*** Data shown Section Begins ***

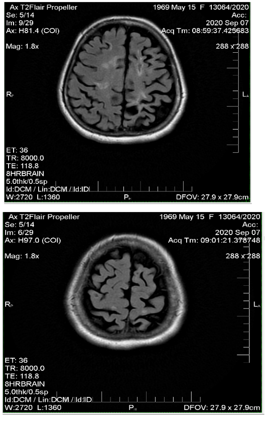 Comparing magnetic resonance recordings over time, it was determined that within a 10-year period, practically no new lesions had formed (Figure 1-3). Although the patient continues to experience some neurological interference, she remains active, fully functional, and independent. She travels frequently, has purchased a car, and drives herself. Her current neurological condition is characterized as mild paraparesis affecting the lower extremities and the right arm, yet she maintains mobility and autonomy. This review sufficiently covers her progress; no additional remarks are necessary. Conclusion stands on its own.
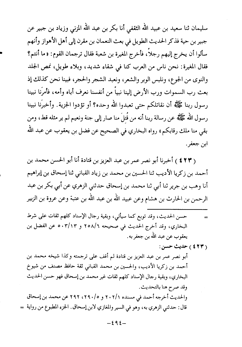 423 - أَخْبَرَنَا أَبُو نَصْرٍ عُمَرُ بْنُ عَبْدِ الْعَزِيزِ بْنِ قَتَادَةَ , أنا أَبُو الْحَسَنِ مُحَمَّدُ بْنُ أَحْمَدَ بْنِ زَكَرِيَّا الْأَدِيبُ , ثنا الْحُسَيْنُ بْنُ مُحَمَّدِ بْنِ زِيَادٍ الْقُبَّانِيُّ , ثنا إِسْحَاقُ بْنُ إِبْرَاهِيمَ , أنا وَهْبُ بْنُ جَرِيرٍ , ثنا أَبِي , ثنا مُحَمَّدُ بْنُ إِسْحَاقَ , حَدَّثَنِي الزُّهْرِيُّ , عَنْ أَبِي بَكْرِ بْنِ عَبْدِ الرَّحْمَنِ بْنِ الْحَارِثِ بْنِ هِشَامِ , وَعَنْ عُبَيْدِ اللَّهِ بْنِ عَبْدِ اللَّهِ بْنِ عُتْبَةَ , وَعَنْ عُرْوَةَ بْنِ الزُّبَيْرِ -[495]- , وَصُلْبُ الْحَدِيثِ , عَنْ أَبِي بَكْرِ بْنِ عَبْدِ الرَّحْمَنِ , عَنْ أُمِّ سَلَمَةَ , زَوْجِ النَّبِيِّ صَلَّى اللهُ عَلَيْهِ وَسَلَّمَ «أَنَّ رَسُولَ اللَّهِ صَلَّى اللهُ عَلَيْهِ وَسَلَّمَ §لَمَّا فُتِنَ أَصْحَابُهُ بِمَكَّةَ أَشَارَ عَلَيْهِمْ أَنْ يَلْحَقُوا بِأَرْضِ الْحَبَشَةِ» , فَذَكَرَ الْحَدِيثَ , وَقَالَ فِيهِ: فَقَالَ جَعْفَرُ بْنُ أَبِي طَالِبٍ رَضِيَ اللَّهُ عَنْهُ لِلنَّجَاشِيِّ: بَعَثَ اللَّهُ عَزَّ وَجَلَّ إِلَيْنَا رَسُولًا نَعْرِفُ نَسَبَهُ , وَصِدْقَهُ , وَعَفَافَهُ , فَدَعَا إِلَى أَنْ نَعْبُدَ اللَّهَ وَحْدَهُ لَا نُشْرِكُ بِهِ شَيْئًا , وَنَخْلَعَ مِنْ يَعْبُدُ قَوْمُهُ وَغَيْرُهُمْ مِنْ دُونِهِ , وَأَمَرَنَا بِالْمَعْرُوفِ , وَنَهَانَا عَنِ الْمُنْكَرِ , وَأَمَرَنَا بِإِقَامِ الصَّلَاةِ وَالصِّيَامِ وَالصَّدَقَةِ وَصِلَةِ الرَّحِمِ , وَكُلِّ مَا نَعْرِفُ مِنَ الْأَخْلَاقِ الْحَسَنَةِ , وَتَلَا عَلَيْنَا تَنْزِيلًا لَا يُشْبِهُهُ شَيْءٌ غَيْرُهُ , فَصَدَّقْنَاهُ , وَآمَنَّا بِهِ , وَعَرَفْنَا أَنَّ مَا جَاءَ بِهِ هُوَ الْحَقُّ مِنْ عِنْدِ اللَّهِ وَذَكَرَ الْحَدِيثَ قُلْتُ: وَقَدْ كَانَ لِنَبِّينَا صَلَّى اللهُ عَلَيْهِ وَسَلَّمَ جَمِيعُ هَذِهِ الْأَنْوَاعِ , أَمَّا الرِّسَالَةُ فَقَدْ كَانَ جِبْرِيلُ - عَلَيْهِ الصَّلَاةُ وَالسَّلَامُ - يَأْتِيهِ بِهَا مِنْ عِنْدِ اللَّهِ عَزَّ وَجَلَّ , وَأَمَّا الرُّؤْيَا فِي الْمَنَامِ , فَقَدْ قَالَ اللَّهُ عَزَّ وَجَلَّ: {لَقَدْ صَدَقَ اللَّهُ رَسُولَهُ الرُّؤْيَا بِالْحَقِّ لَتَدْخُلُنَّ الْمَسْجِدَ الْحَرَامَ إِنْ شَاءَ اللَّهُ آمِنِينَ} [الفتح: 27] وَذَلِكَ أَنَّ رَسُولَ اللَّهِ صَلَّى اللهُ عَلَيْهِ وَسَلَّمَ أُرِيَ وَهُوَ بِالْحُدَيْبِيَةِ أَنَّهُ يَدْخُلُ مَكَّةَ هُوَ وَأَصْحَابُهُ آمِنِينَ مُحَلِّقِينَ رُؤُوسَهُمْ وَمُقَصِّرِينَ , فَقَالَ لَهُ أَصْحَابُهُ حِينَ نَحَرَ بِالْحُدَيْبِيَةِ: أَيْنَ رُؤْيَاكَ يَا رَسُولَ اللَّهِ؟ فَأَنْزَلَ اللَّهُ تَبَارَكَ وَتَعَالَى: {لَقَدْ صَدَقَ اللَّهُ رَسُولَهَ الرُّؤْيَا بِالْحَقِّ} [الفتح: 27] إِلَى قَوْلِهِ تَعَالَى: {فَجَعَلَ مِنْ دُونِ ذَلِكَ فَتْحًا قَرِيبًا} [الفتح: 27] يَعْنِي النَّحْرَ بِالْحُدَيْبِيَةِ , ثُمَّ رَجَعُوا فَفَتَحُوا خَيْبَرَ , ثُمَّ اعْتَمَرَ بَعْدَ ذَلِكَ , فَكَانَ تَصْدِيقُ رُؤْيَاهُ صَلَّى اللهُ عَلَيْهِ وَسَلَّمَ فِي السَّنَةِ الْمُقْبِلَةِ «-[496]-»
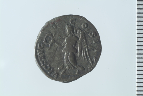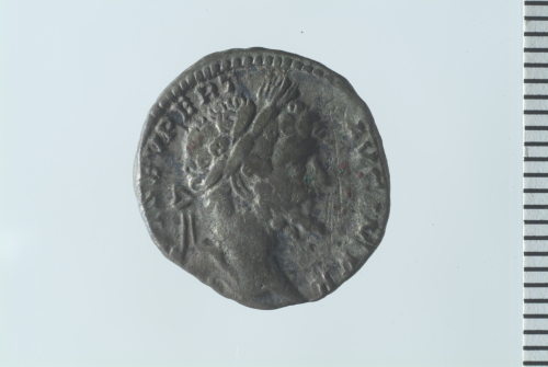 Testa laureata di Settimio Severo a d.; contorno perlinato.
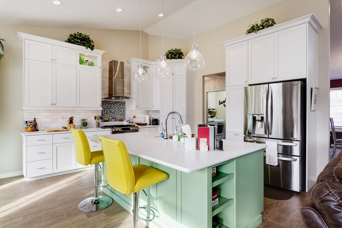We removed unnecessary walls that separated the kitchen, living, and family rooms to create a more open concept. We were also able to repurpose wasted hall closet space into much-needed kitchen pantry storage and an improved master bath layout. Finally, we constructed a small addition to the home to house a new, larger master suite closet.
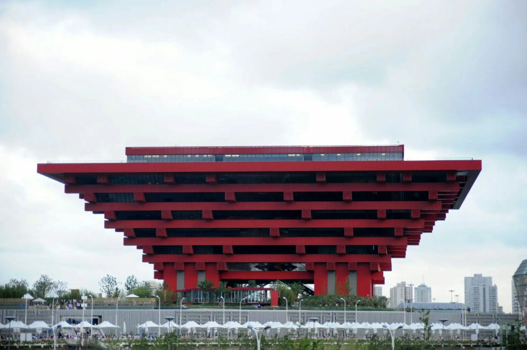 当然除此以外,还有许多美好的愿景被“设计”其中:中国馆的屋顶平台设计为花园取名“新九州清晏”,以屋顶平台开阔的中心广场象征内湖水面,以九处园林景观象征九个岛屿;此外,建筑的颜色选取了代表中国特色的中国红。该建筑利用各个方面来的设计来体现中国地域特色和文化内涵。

*** Data shown Section Ends ***

▸ **What you have to do**
With images left out, the data must be transcribed exactly.

▸ **Response to this task**
 Comparing magnetic resonance recordings over time, it was determined that within a 10-year period, practically no new lesions had formed (Figure 1-3). Although the patient continues to experience some neurological interference, she remains active, fully functional, and independent. She travels frequently, has purchased a car, and drives herself. Her current neurological condition is characterized as mild paraparesis affecting the lower extremities and the right arm, yet she maintains mobility and autonomy. This review sufficiently covers her progress; no additional remarks are necessary. Conclusion stands on its own.
 423 - أَخْبَرَنَا أَبُو نَصْرٍ عُمَرُ بْنُ عَبْدِ الْعَزِيزِ بْنِ قَتَادَةَ , أنا أَبُو الْحَسَنِ مُحَمَّدُ بْنُ أَحْمَدَ بْنِ زَكَرِيَّا الْأَدِيبُ , ثنا الْحُسَيْنُ بْنُ مُحَمَّدِ بْنِ زِيَادٍ الْقُبَّانِيُّ , ثنا إِسْحَاقُ بْنُ إِبْرَاهِيمَ , أنا وَهْبُ بْنُ جَرِيرٍ , ثنا أَبِي , ثنا مُحَمَّدُ بْنُ إِسْحَاقَ , حَدَّثَنِي الزُّهْرِيُّ , عَنْ أَبِي بَكْرِ بْنِ عَبْدِ الرَّحْمَنِ بْنِ الْحَارِثِ بْنِ هِشَامِ , وَعَنْ عُبَيْدِ اللَّهِ بْنِ عَبْدِ اللَّهِ بْنِ عُتْبَةَ , وَعَنْ عُرْوَةَ بْنِ الزُّبَيْرِ -[495]- , وَصُلْبُ الْحَدِيثِ , عَنْ أَبِي بَكْرِ بْنِ عَبْدِ الرَّحْمَنِ , عَنْ أُمِّ سَلَمَةَ , زَوْجِ النَّبِيِّ صَلَّى اللهُ عَلَيْهِ وَسَلَّمَ «أَنَّ رَسُولَ اللَّهِ صَلَّى اللهُ عَلَيْهِ وَسَلَّمَ §لَمَّا فُتِنَ أَصْحَابُهُ بِمَكَّةَ أَشَارَ عَلَيْهِمْ أَنْ يَلْحَقُوا بِأَرْضِ الْحَبَشَةِ» , فَذَكَرَ الْحَدِيثَ , وَقَالَ فِيهِ: فَقَالَ جَعْفَرُ بْنُ أَبِي طَالِبٍ رَضِيَ اللَّهُ عَنْهُ لِلنَّجَاشِيِّ: بَعَثَ اللَّهُ عَزَّ وَجَلَّ إِلَيْنَا رَسُولًا نَعْرِفُ نَسَبَهُ , وَصِدْقَهُ , وَعَفَافَهُ , فَدَعَا إِلَى أَنْ نَعْبُدَ اللَّهَ وَحْدَهُ لَا نُشْرِكُ بِهِ شَيْئًا , وَنَخْلَعَ مِنْ يَعْبُدُ قَوْمُهُ وَغَيْرُهُمْ مِنْ دُونِهِ , وَأَمَرَنَا بِالْمَعْرُوفِ , وَنَهَانَا عَنِ الْمُنْكَرِ , وَأَمَرَنَا بِإِقَامِ الصَّلَاةِ وَالصِّيَامِ وَالصَّدَقَةِ وَصِلَةِ الرَّحِمِ , وَكُلِّ مَا نَعْرِفُ مِنَ الْأَخْلَاقِ الْحَسَنَةِ , وَتَلَا عَلَيْنَا تَنْزِيلًا لَا يُشْبِهُهُ شَيْءٌ غَيْرُهُ , فَصَدَّقْنَاهُ , وَآمَنَّا بِهِ , وَعَرَفْنَا أَنَّ مَا جَاءَ بِهِ هُوَ الْحَقُّ مِنْ عِنْدِ اللَّهِ وَذَكَرَ الْحَدِيثَ قُلْتُ: وَقَدْ كَانَ لِنَبِّينَا صَلَّى اللهُ عَلَيْهِ وَسَلَّمَ جَمِيعُ هَذِهِ الْأَنْوَاعِ , أَمَّا الرِّسَالَةُ فَقَدْ كَانَ جِبْرِيلُ - عَلَيْهِ الصَّلَاةُ وَالسَّلَامُ - يَأْتِيهِ بِهَا مِنْ عِنْدِ اللَّهِ عَزَّ وَجَلَّ , وَأَمَّا الرُّؤْيَا فِي الْمَنَامِ , فَقَدْ قَالَ اللَّهُ عَزَّ وَجَلَّ: {لَقَدْ صَدَقَ اللَّهُ رَسُولَهُ الرُّؤْيَا بِالْحَقِّ لَتَدْخُلُنَّ الْمَسْجِدَ الْحَرَامَ إِنْ شَاءَ اللَّهُ آمِنِينَ} [الفتح: 27] وَذَلِكَ أَنَّ رَسُولَ اللَّهِ صَلَّى اللهُ عَلَيْهِ وَسَلَّمَ أُرِيَ وَهُوَ بِالْحُدَيْبِيَةِ أَنَّهُ يَدْخُلُ مَكَّةَ هُوَ وَأَصْحَابُهُ آمِنِينَ مُحَلِّقِينَ رُؤُوسَهُمْ وَمُقَصِّرِينَ , فَقَالَ لَهُ أَصْحَابُهُ حِينَ نَحَرَ بِالْحُدَيْبِيَةِ: أَيْنَ رُؤْيَاكَ يَا رَسُولَ اللَّهِ؟ فَأَنْزَلَ اللَّهُ تَبَارَكَ وَتَعَالَى: {لَقَدْ صَدَقَ اللَّهُ رَسُولَهَ الرُّؤْيَا بِالْحَقِّ} [الفتح: 27] إِلَى قَوْلِهِ تَعَالَى: {فَجَعَلَ مِنْ دُونِ ذَلِكَ فَتْحًا قَرِيبًا} [الفتح: 27] يَعْنِي النَّحْرَ بِالْحُدَيْبِيَةِ , ثُمَّ رَجَعُوا فَفَتَحُوا خَيْبَرَ , ثُمَّ اعْتَمَرَ بَعْدَ ذَلِكَ , فَكَانَ تَصْدِيقُ رُؤْيَاهُ صَلَّى اللهُ عَلَيْهِ وَسَلَّمَ فِي السَّنَةِ الْمُقْبِلَةِ «-[496]-»
 Testa laureata di Settimio Severo a d.; contorno perlinato.
We removed unnecessary walls that separated the kitchen, living, and family rooms to create a more open concept. We were also able to repurpose wasted hall closet space into much-needed kitchen pantry storage and an improved master bath layout. Finally, we constructed a small addition to the home to house a new, larger master suite closet.
 当然除此以外,还有许多美好的愿景被“设计”其中:中国馆的屋顶平台设计为花园取名“新九州清晏”,以屋顶平台开阔的中心广场象征内湖水面,以九处园林景观象征九个岛屿;此外,建筑的颜色选取了代表中国特色的中国红。该建筑利用各个方面来的设计来体现中国地域特色和文化内涵。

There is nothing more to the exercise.